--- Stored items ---
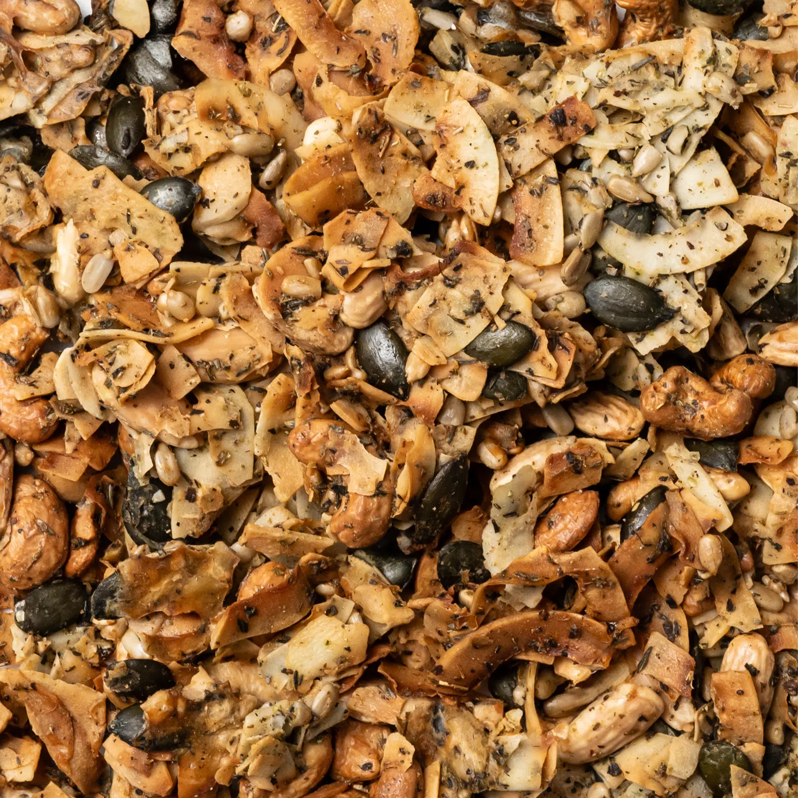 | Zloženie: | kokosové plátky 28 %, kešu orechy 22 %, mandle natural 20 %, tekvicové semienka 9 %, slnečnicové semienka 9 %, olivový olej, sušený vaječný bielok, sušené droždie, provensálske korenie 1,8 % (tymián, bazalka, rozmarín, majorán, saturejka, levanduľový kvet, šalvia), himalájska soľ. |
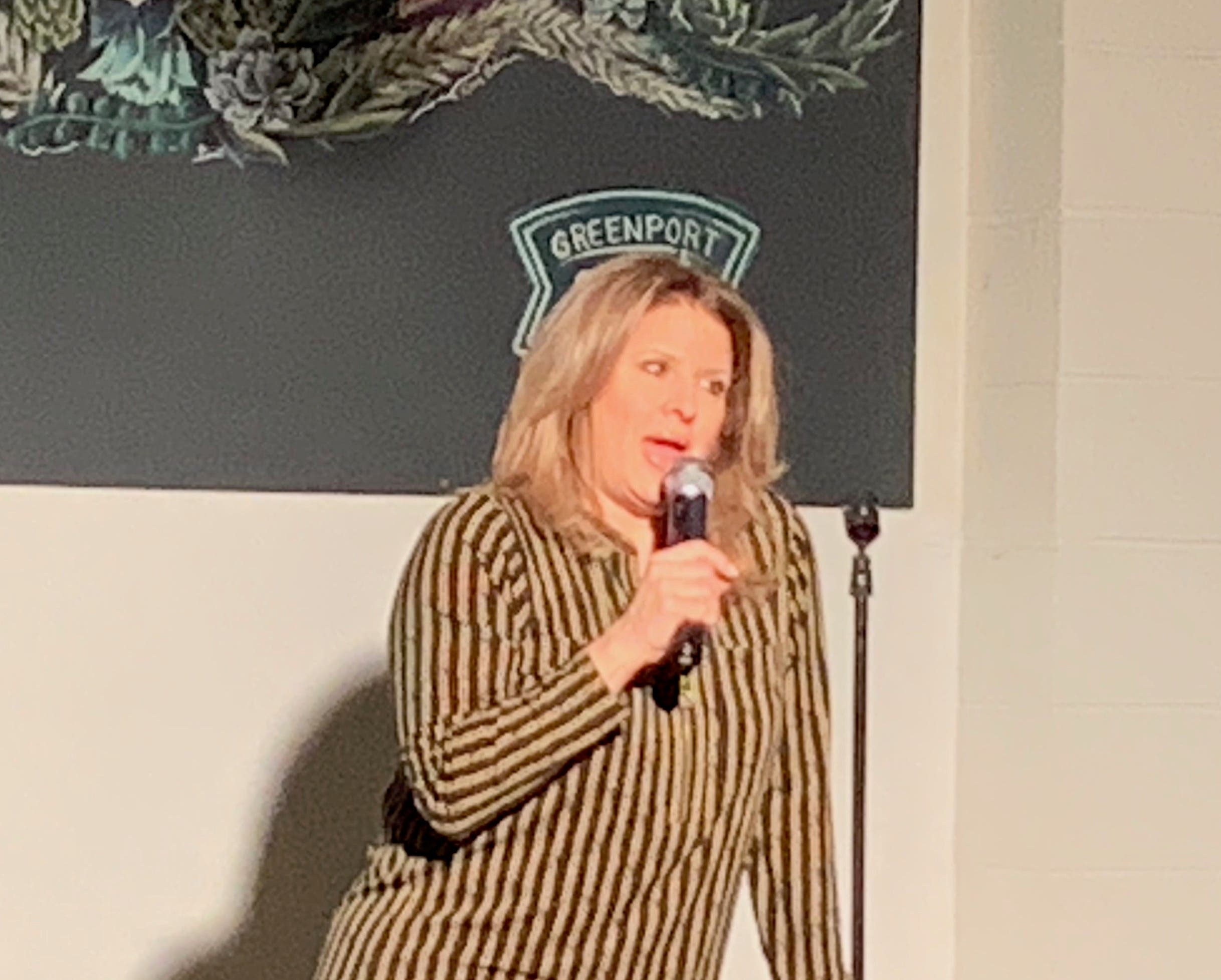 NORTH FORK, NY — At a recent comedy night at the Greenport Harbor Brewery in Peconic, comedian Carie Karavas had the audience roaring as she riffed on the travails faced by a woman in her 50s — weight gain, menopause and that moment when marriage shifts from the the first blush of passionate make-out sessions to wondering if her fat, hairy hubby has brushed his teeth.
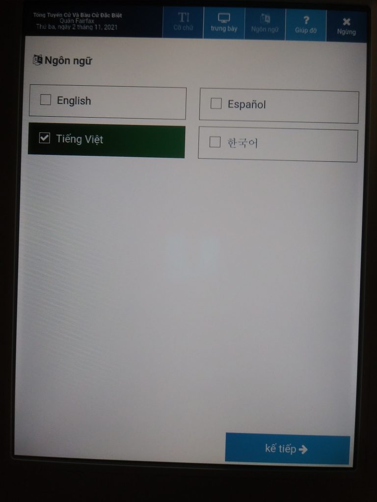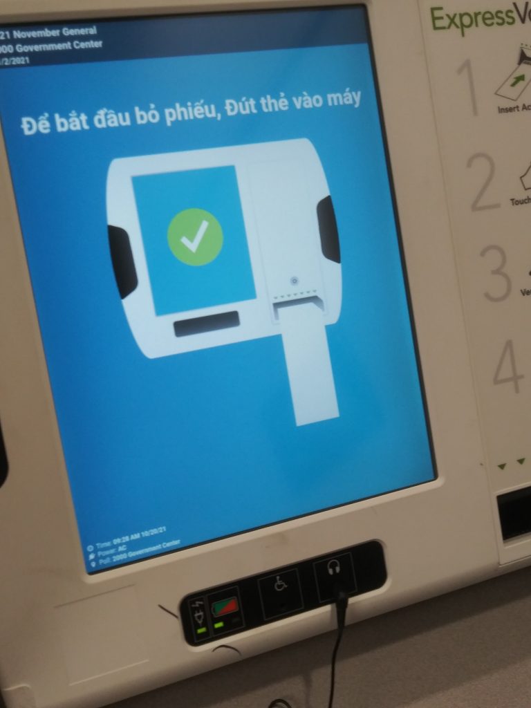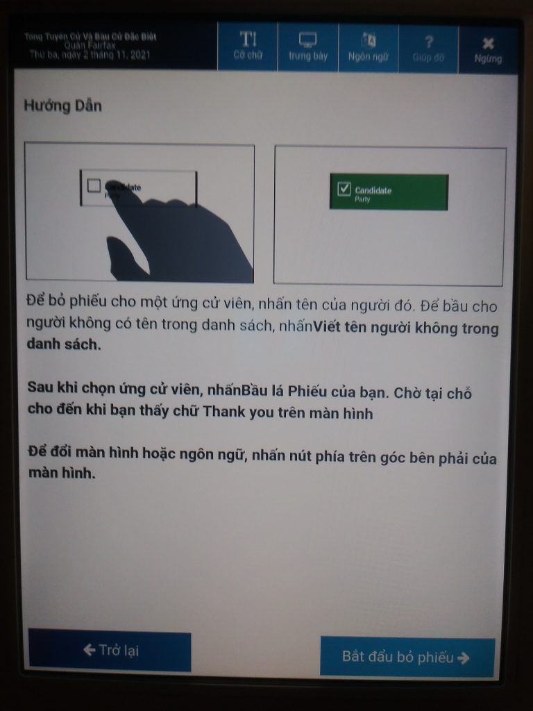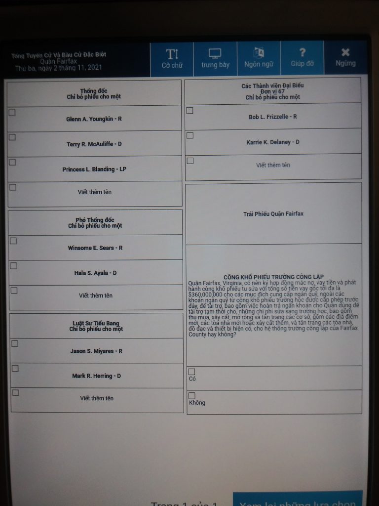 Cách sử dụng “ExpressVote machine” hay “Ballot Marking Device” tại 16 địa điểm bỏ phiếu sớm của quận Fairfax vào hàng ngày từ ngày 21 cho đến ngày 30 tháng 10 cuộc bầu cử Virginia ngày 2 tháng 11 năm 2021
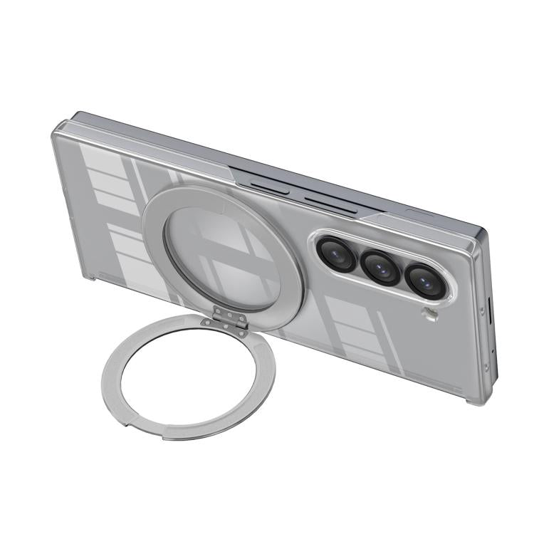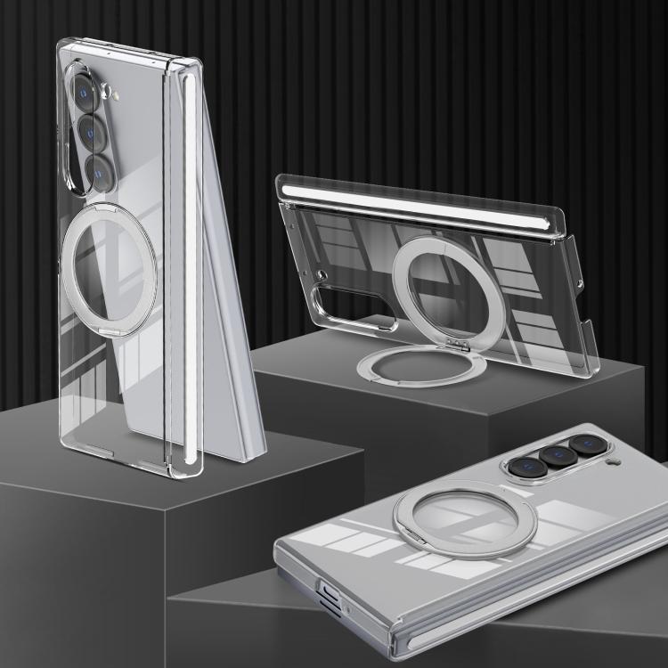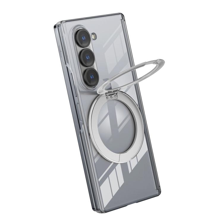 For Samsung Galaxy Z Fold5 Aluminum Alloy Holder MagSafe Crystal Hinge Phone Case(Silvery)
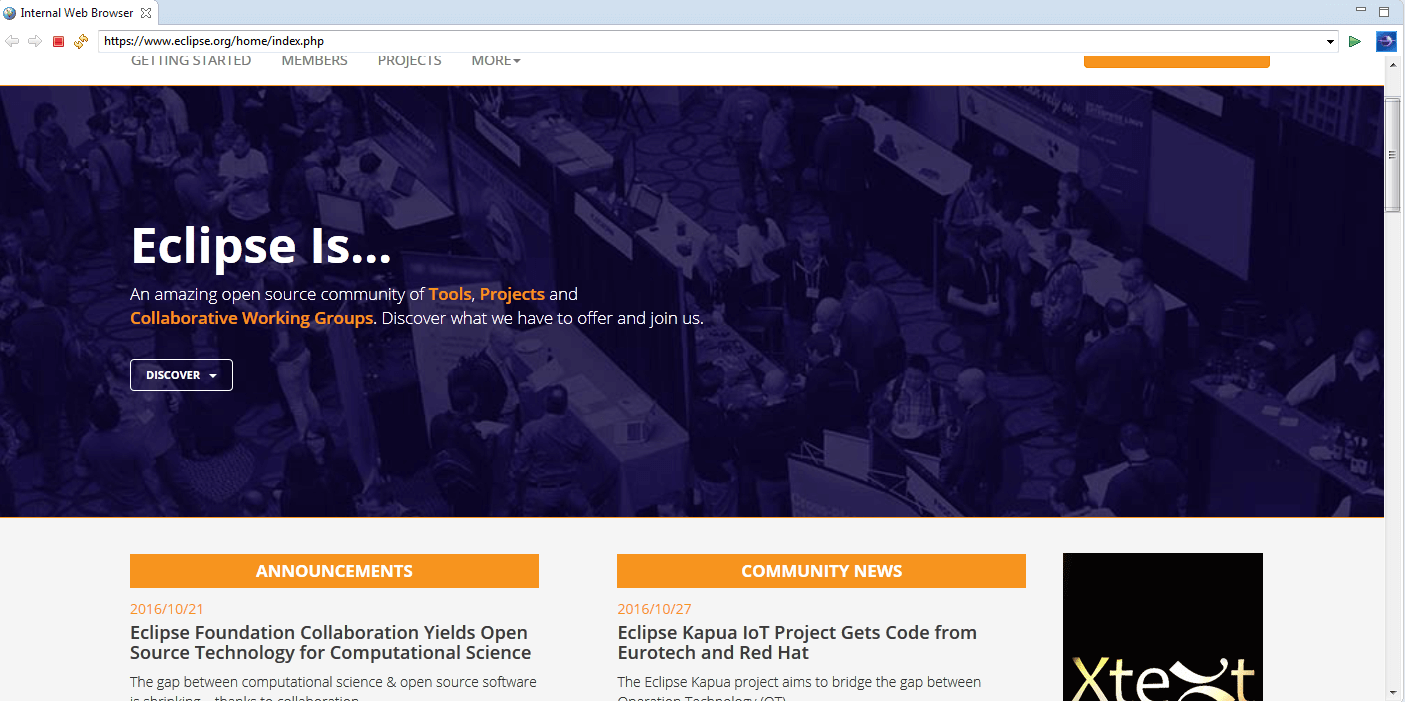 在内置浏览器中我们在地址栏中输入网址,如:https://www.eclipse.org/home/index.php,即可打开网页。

--- YOUR OBJECTIVE ---
The records above must be copied exactly, with no pictures carried over.

--- RESPONSE ---
 | Zloženie: | kokosové plátky 28 %, kešu orechy 22 %, mandle natural 20 %, tekvicové semienka 9 %, slnečnicové semienka 9 %, olivový olej, sušený vaječný bielok, sušené droždie, provensálske korenie 1,8 % (tymián, bazalka, rozmarín, majorán, saturejka, levanduľový kvet, šalvia), himalájska soľ. |
 NORTH FORK, NY — At a recent comedy night at the Greenport Harbor Brewery in Peconic, comedian Carie Karavas had the audience roaring as she riffed on the travails faced by a woman in her 50s — weight gain, menopause and that moment when marriage shifts from the the first blush of passionate make-out sessions to wondering if her fat, hairy hubby has brushed his teeth.
 Cách sử dụng “ExpressVote machine” hay “Ballot Marking Device” tại 16 địa điểm bỏ phiếu sớm của quận Fairfax vào hàng ngày từ ngày 21 cho đến ngày 30 tháng 10 cuộc bầu cử Virginia ngày 2 tháng 11 năm 2021
 For Samsung Galaxy Z Fold5 Aluminum Alloy Holder MagSafe Crystal Hinge Phone Case(Silvery)
 在内置浏览器中我们在地址栏中输入网址,如:https://www.eclipse.org/home/index.php,即可打开网页。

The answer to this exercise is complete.